Did it just become A LOT easier to get a job at Goldman Sachs?
It's not easy to get a job at Goldman Sachs. In the bank's annual shareholder letter, CEO Lloyd Blankfein regularly boasts about the hundreds of thousands of students who apply and the tiny minority who actually get accepted (the ratio was 130,000: 5,000 in 2016). But what if you don't have to try your luck on Goldman's graduate recruitment merry-go-round? What if you can start your career somewhere else and skip across to Goldman's sunlit uplands midway through?
This is looking like a possibility,
During yesterday's conference call, Goldman CFO Marty Chavez reiterated that Goldman has doubled its lateral hiring so far this year. Last month, Goldman CFO Harvey Schwartz said Goldman had doubled its external fixed income currencies and commodities (FICC) hires in 2017. It's not clear whether Chavez was referring to the same division, but it's clear is that if you want to work at Goldman Sachs you no longer need to get in at the bottom. You can now insert yourself half way up instead.
How far up? Executive director (the equivalent of director or senior vice president at other banks) looks like the sweet spot. In September and October 2017, Goldman has so far hired 16 executive directors globally according to LinkedIn. In the entirety of September and October 2016 the comparable figure for global ED hiring at GS was just five people. Executive directors typically have ten to 12 years' experience.
And if you miss the ED entry opportunity? You can always try getting into Goldman as a managing director (MD) instead. As we pointed out earlier this week, the pace of senior hiring at Goldman has been causing apprehension among the firm's MD hopefuls, who fear their chances of promotion have been blocked by all the big names parachuted in. These fears are not without reason: in September and October 2017 Goldman has so far hired-in seven managing directors. In September and October 2016 it hired in...two. Managing directors usually have fifteen years' experience.
Needless to say, the fact that Goldman has hired 23 MDs and EDs in the past two months doesn't imply that getting a job at the firm is now a cakewalk. Particularly compared to the thousands of people Goldman hires at the bottom. "We're still very selective," says one Goldman ED. "It's a lean ship here."
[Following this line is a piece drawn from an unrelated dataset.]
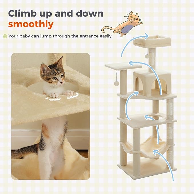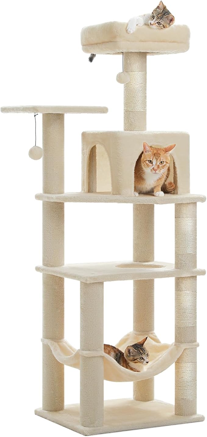 PEQULTI 56.3'' Cat Tree for Indoor Cats, Multi-Level Cat Tower with 2 Top Perch. Cat Condo, Hammock and Sisal-Covered Scratching Post, Beige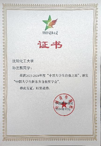 近日,从共青团中央、全国学联传来喜讯,由团中央基层建设部、中国青年报社、新东方教育科技集团、中国青年创业就业基金会联合举办的2023 - 2024年度“中国大学生自强之星”奖学金评选结果揭晓,beat365官网孙艺甄同学凭借出色的个人表现和突出的自强事迹,荣获“中国大学生自强之星”荣誉称号。

However, it does seem clear that Goldman Sachs is now in search of fresh, senior, blood. Schwartz said as much in September and Chavez confirmed this yesterday when he said that the firm is focused on bringing in "coverage and distribution" professionals, presumably as it seeks to increase its penetration of corporate clients. Even so, you don't have to be a corporate salesperson to jump in at the top of Goldman's hierarchy now: as the chart below shows, plenty of the recent hires have been in trading, technology, and support functions too. Most notably, Goldman recruited Robert Waugh, the former head of CloudWatch logs engineering at Amazon a few weeks ago.